Activity:
Would you please copy only the lines from the line that contains "薄いお洒落なキルティング生地のたっぶり着られるモードなベスト(ブラック)" to the end of the data below, exactly, leaving every picture out?

Data extract:
== == ==

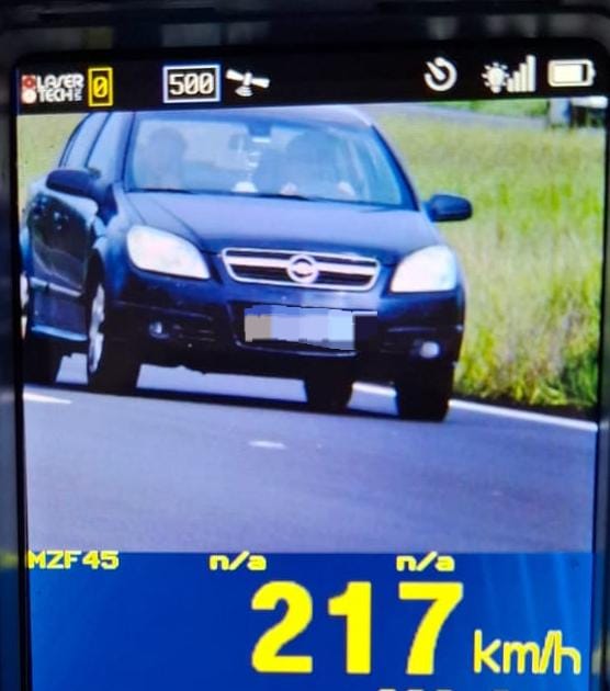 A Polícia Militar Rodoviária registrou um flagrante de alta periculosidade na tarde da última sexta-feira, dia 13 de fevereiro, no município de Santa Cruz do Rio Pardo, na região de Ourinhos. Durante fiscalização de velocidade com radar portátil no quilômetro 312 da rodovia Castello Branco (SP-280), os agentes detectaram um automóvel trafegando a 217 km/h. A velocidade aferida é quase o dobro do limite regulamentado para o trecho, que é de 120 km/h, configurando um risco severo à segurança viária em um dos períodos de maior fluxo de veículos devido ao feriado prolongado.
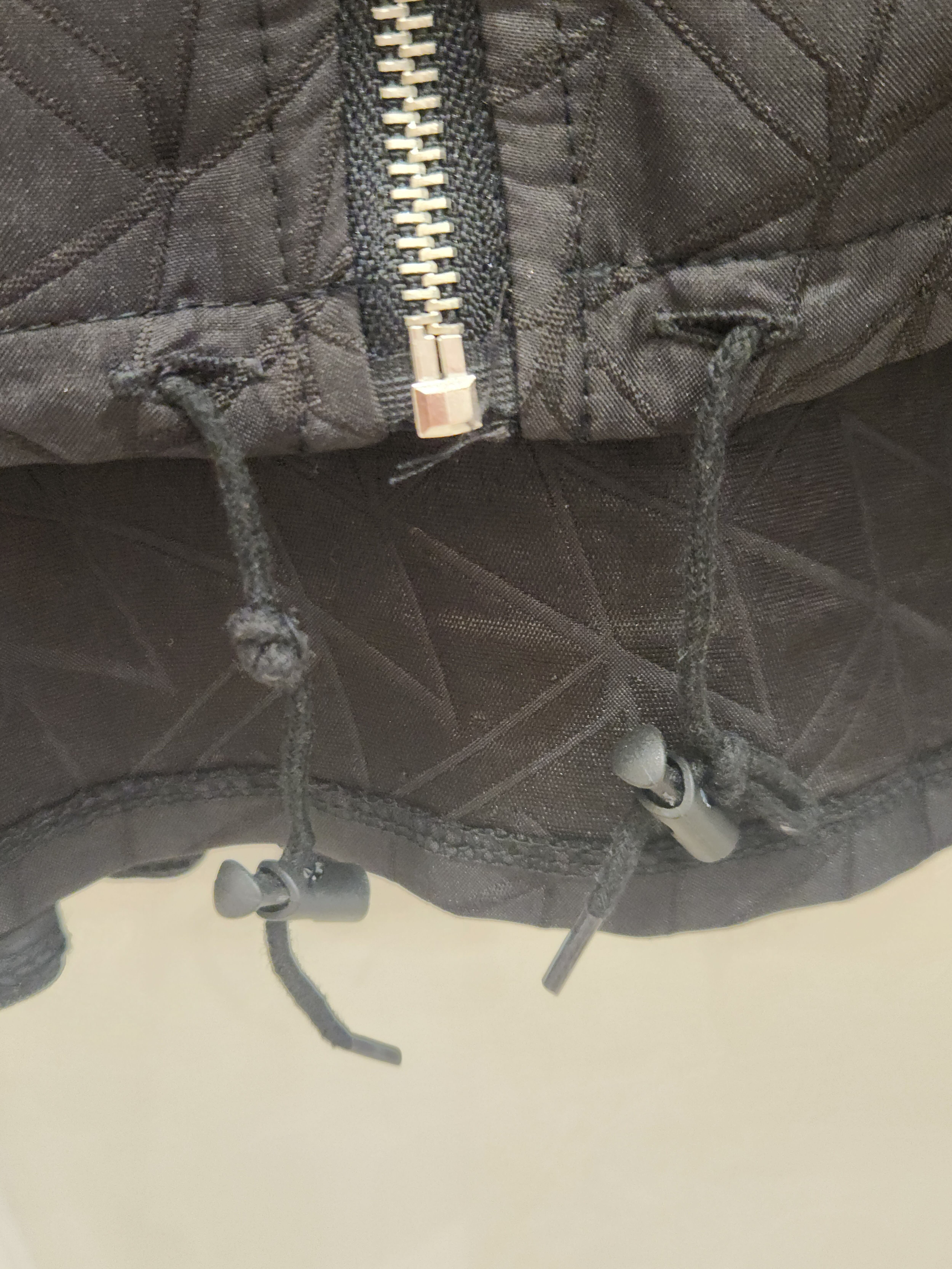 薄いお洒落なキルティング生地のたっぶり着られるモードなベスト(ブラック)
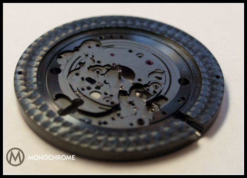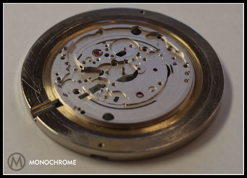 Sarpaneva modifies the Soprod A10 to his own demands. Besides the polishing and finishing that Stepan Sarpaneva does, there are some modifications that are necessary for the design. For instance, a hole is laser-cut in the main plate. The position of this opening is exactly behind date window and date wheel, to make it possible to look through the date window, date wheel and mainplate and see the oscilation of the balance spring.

== == ==

Completed exercise:
 薄いお洒落なキルティング生地のたっぶり着られるモードなベスト(ブラック)
 Sarpaneva modifies the Soprod A10 to his own demands. Besides the polishing and finishing that Stepan Sarpaneva does, there are some modifications that are necessary for the design. For instance, a hole is laser-cut in the main plate. The position of this opening is exactly behind date window and date wheel, to make it possible to look through the date window, date wheel and mainplate and see the oscilation of the balance spring.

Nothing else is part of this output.